Obst und Gemüse – leckere Nährstofflieferanten Mit Obst und Gemüse liegen Sie fast immer richtig, wenn Sie ausgewogen und kalorienarm essen möchten. Denn die köstlichen Früchte der Natur haben relativ wenige Kalorien, aber viele lebenswichtige Vitamine und Mineralstoffe sowie Ballaststoffe und sekundäre Pflanzenstoffe. Ernährungswissenschaftler und Mediziner empfehlen, mindestens drei Portionen Gemüse (etwa 400 g) und zwei Portionen Obst (etwa 250 g) am Tag zu essen. Von dem leckeren Schlankmacher Gemüse können Sie aber kaum zu viel verzehren. Ausnahmen: Avocados und Oliven. Sie enthalten zwar einerseits wichtige Nährstoffe, aber andererseits vergleichsweise viel Fett und damit auch Kalorien. Auch bei Obst sollten Sie aufgrund des hohen Anteils an Fruchtzucker (Fructose) etwas zurückhaltender sein. Denn Fruchtzucker liefert immer auch Kalorien. Mit den empfohlenen zwei Portionen Obst am Tag liegen Sie genau richtig!
Fettarme Milch und Milchprodukte wählen Milch und Milchprodukte gehören täglich auf den Speiseplan. Denn der darin enthaltene Mineralstoff Calcium ist wichtig für unsere Knochen und Zähne. Geben Sie jedoch fettarmen Milchprodukten den Vorzug. Bei der Auswahl hilft Ihnen die Tabelle. Mageres Fleisch und mageren Fisch bevorzugen Fleisch enthält hochwertiges Eiweiß und weitere lebenswichtige Nährstoffe. Es kann aber je nach Sorte auch fett- und damit kalorienreich sein. Schneiden Sie generell sichtbare Fettränder ab und bevorzugen Sie Filet sowie fettarme Fleischteile aus Brust, Hals und Schulter. Wählen Sie bei Wurst fettarme Sorten wie Roastbeef, Deutsches Cornedbeef, magere Geflügelwurst, Kasseler, Kochschinken, Bierschinken oder Bratenaufschnitt.

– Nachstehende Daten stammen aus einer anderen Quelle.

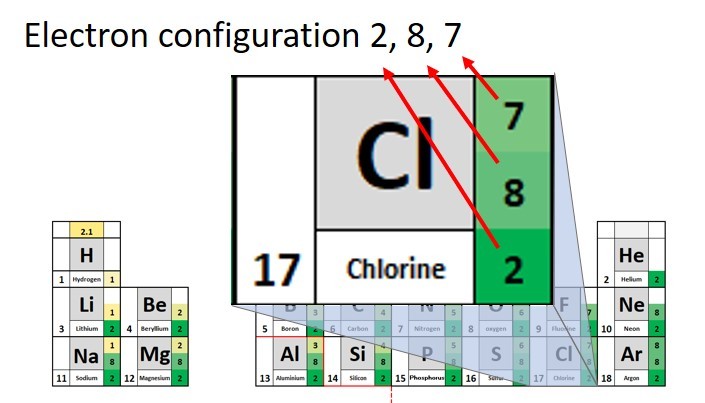 Chlorine has an atomic number of 17. This means that the atoms have 17 protons. Because atoms have no overall charge the number of electrons must also be 17. These are arranged as follows:
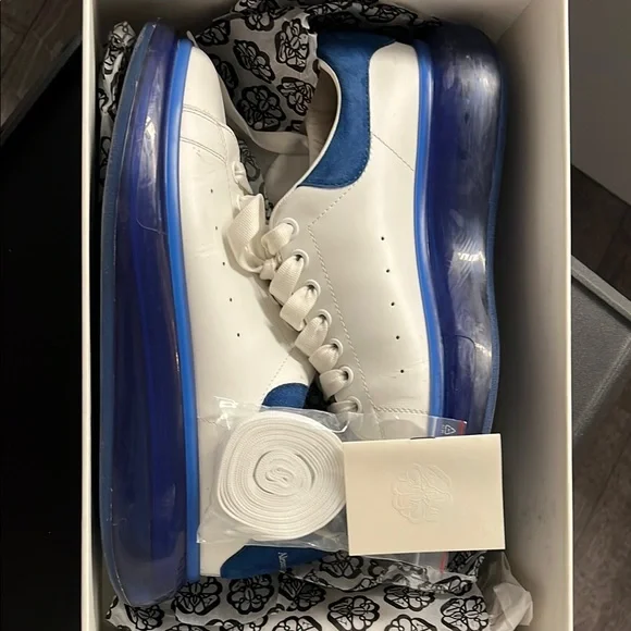 Step out in style with these sleek white and blue men´s sneakers. Perfect for any casual outing or anything professional, very comfortable and also gives you some height as well.
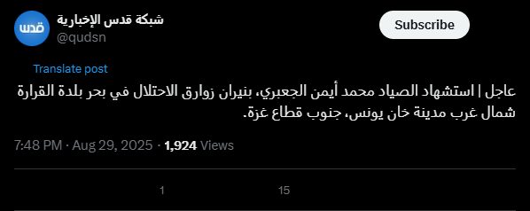 Urgent | Fisherman Mohammed Ayman al-Ja'bari was killed by Israeli gunfire off the coast of al-Qarara town, northwest of Khan Yunis, in the southern Gaza Strip.
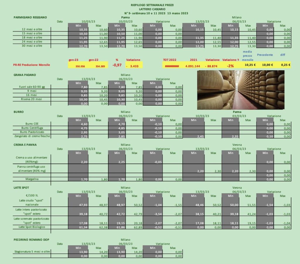 PARMIGIANO REGGIANO – Parma 10 marzo 2023 – A Parma i prezzi si sono stabilizzati. A Milano i prezzi non mutano.
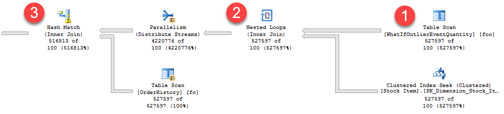 - For the Hash Match operation, notice the small warning symbol, which in this case is indicating a spill to disk.
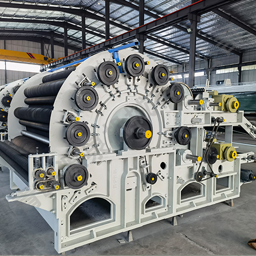 本機(jī)采用四羅拉喂入結(jié)構(gòu),適應(yīng)滌綸、丙綸等化學(xué)纖維也適應(yīng)部分天然纖維的梳理成網(wǎng)。鑄鐵機(jī)架圓墻板,結(jié)構(gòu)穩(wěn)定;鈑金罩殼激光下料數(shù)控折彎,采用封閉式防護(hù)罩,有機(jī)玻璃視窗,美觀大方,罩殼氣缸升降,方便安全。
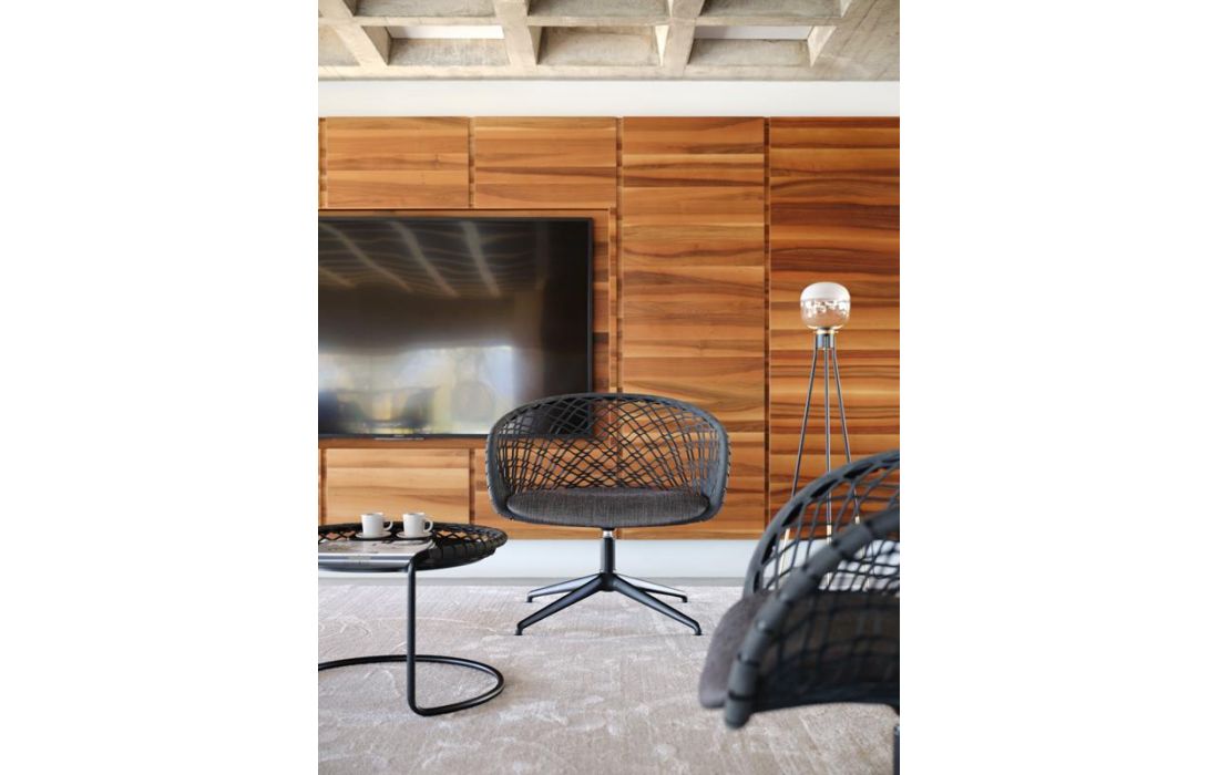 Poltrona giratória com base em cavalete em aço, encosto em pele e assento estofado a tecido.Destinatário :
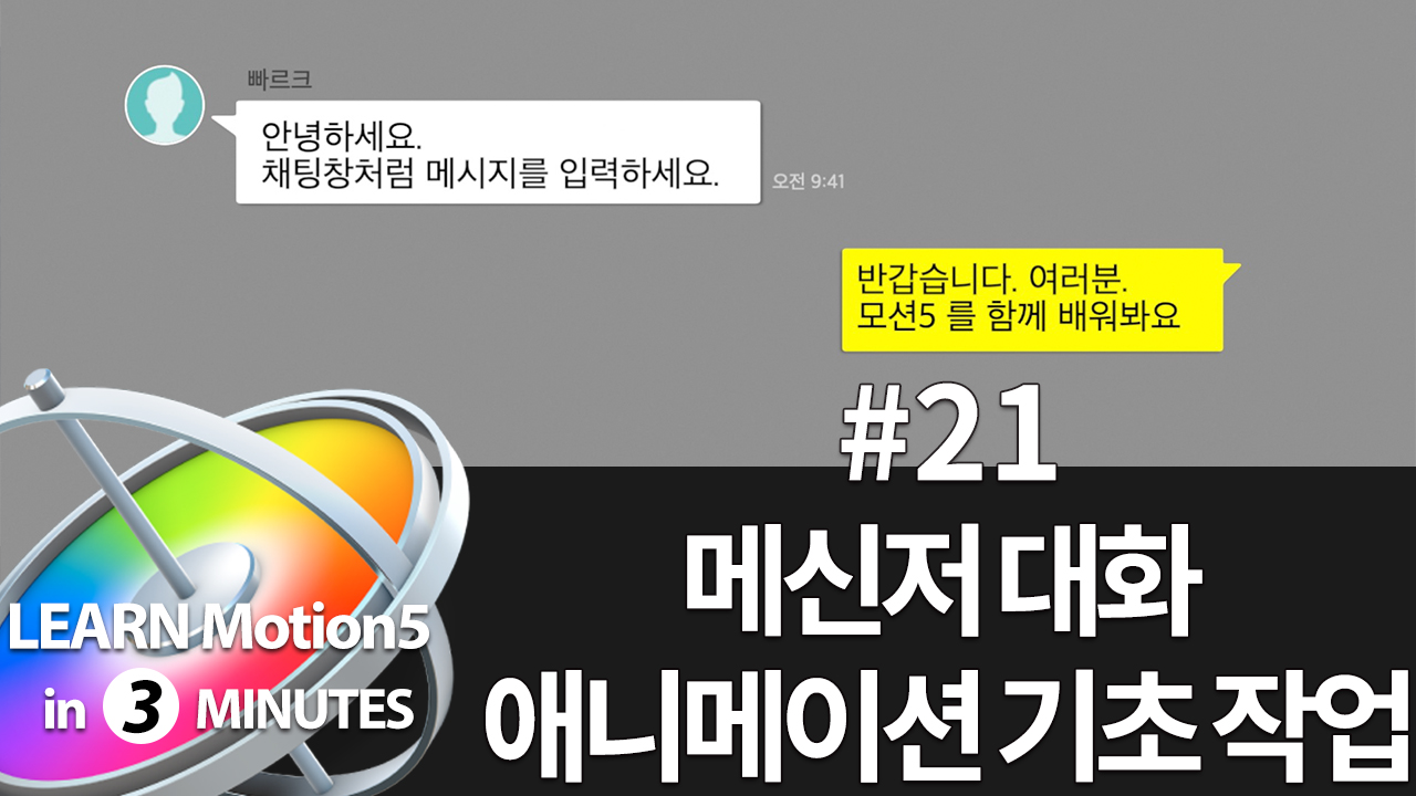 빠르크의 모션5 3분강좌 21강은 메신저 대화 애니메이션 기초 작업편입니다.
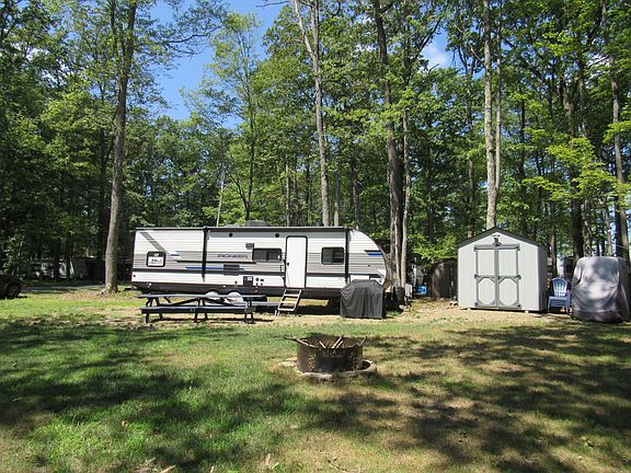 Escape to your own retreat with this Like-new 2023 Heartland Pioneer camper, situated on a corner lot tucked in the woods of Cayman Campground. The serene natural setting will provide a comfortable place to get a way. Relax with family and friends around the firepit, the picnic tables come with it as well. There is a Shed Included to store you toys Sleeps up to 8 and is 35ft in length. Plenty of yard space so bring your corn hole boards and other yard games. Cayman landing offers a pool, lodge, pavilion, ice cream store and playground area. As a property owner, you are privy to all the amenities the Treasure Lake community offers. This includes 2 well-manicured 18 hole USGA rated golf courses, a driving range, 2 inspiring lakes with boating, fishing and swimming, 2 swimming pools, sandy beaches, pickle ball and tennis courts. Breathe Deep and learn to relax at Treasure Lake. The best kept secret in Pa.
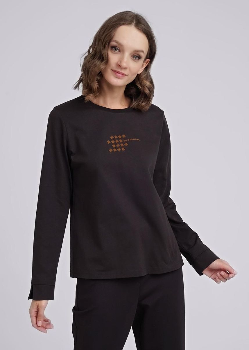 Фуфайка прямого силуэта из плотного хлопкового трикотажного полотна. Втачной длинный рукав, по низу рукава манжет с разрезом. Округлая горловина с обтачкой из рибаны. На детали переда термонаклейка.
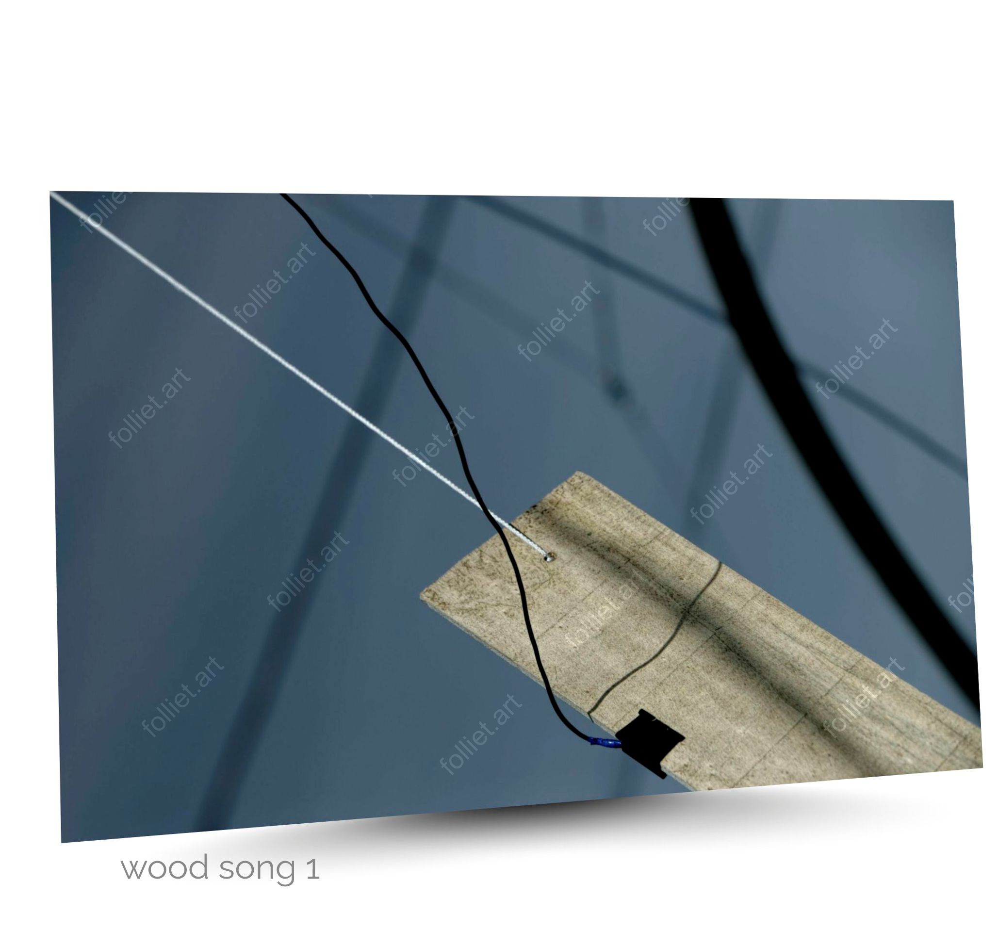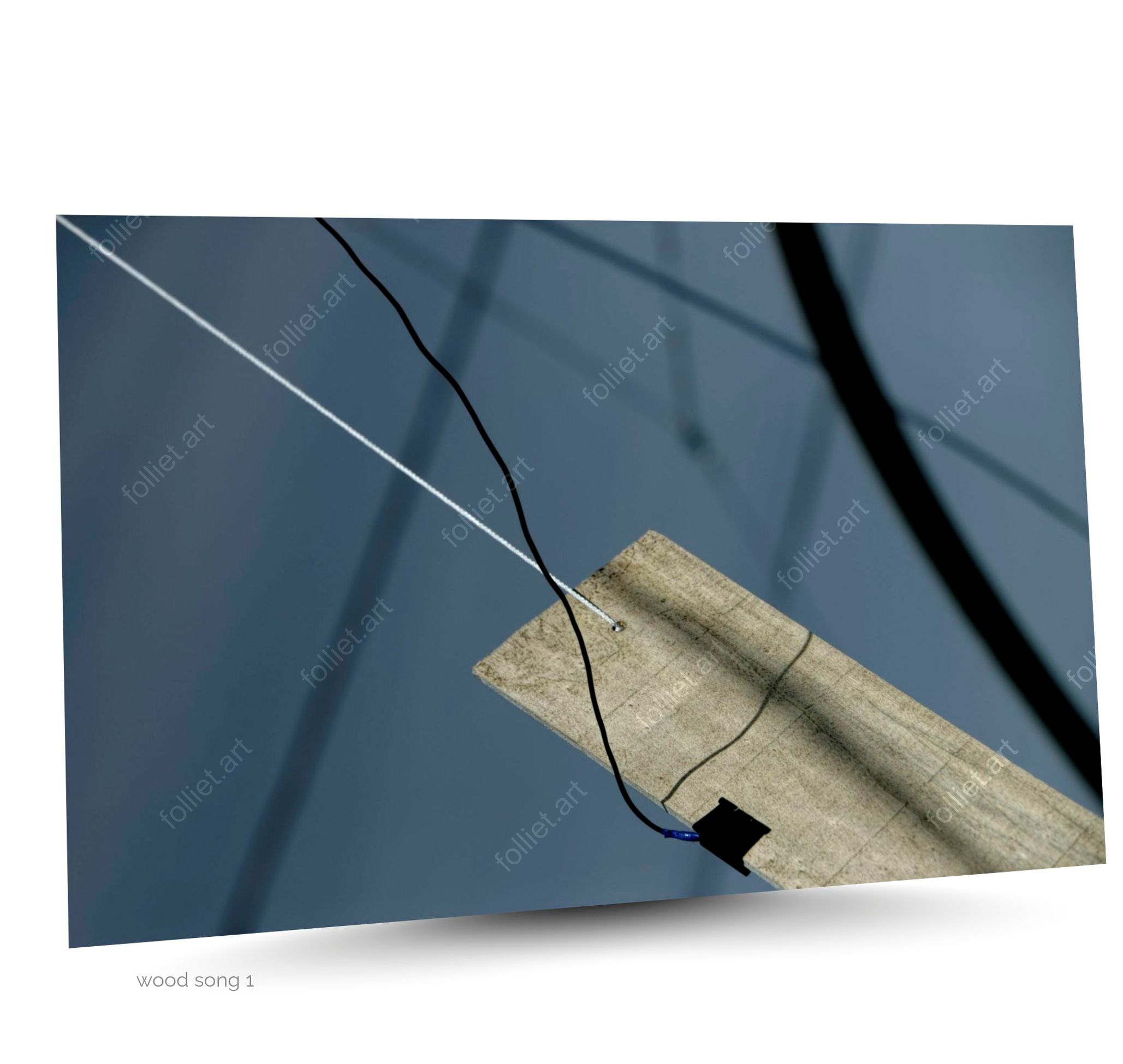 Wood Song 1: धुंधले आकाश के नीचे ओवरलैप होते तारों और तख्तों का अमूर्त दृश्य – जीन-चार्ल्स फोलिएट द्वारा हस्ताक्षरित फाइन आर्ट फोटोग्राफी
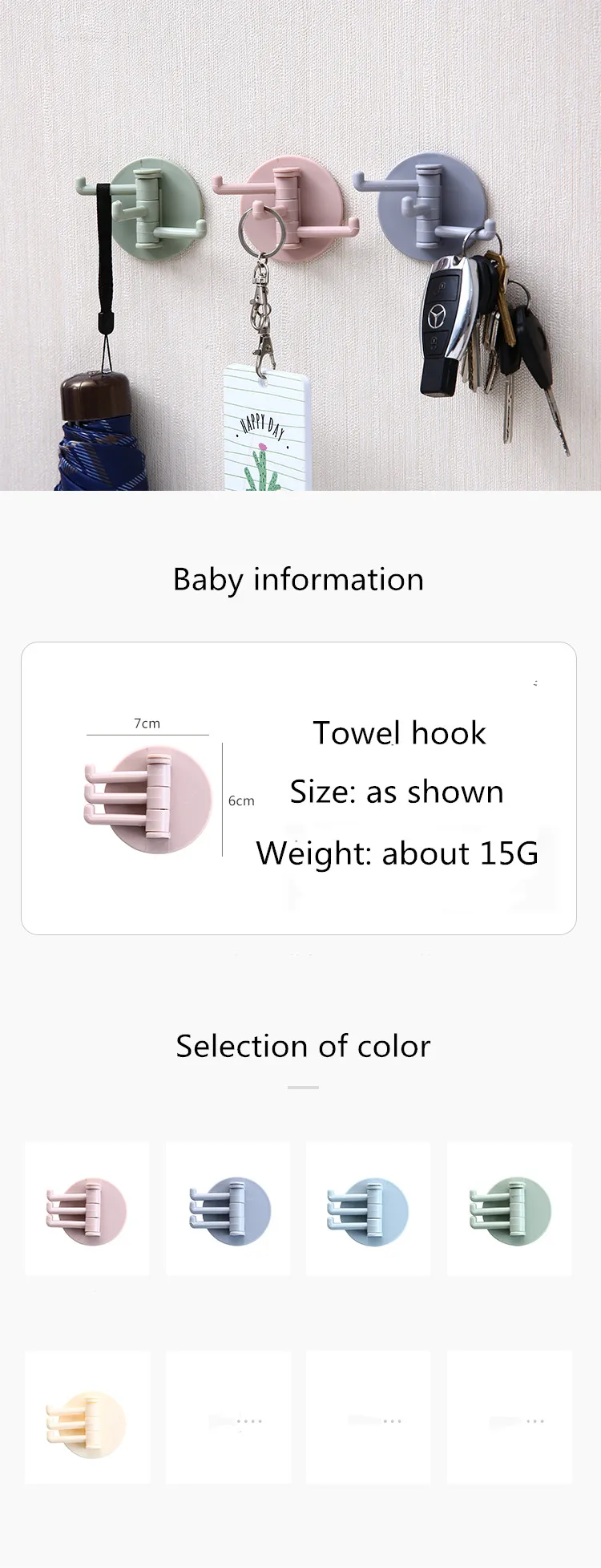 Вращающийся крючок, крепкая клейкая вешалка для полотенец, настенная стойка для ванной, Бесплатная Пробивка, без следов

Beim Fisch sind Sie mit mageren Sorten wie Forelle, Flunder, Kabeljau, Schellfisch, Barsch, Zander, Dorsch und Scholle gut bedient. Lachs, Makrele und Hering gehören zwar zu den fetteren Fischsorten, enthalten aber wertvolle Omega-3-Fettsäuren. Diese können sich günstig auf die Blutfette auswirken und sie sind wichtig für die Gesundheit von Herz und Kreislauf. Genießen Sie deshalb auch fettere Seefischarten ruhig einmal pro Woche. Viel trinken, aber das Richtige Trinken Sie täglich mindestens 1,5-2 Liter – wenn Sie abnehmen erst recht, denn regelmäßiges Trinken kann auch gegen das Hungergefühl helfen. Achten Sie aber auf den Energiegehalt der Flüssigkeiten. Manche Getränke, z. B. pure Fruchtsäfte sowie zuckerhaltige Softdrinks und Alkoholika können Ihr Kalorienkonto ganz schön belasten. Mineralwasser – mit und ohne Kohlensäure – löscht den Durst, ohne auf den Hüften zu landen. Geeignet sind zudem ungesüßte Früchte- und Kräutertees sowie mit Wasser verdünnte Frucht- und Gemüsesäfte (Mischungsverhältnis: 1/3 Saft und 2/3 Wasser). Wenn Sie Kaffee und Tee mit Milch mögen, dann verwenden Sie Trinkmilch mit 1,5 % Fett anstelle von Kondensmilch. Und lassen Sie den Zucker weg. Kalorienbewusst einkaufen Schon beim Einkaufen sollten Sie auf die Kalorienmenge bzw. den Energiegehalt der verschiedenen Lebensmittel achten. Auf der Verpackung sind fast immer der Kalorien-, der Fett- und der Zuckergehalt des jeweiligen Lebensmittels angegeben. Das hilft Ihnen, ähnliche Produkte miteinander zu vergleichen und sich für die kalorienärmere Variante zu entscheiden. Dabei hilft Ihnen auch unser Kalorienspar-Rechner.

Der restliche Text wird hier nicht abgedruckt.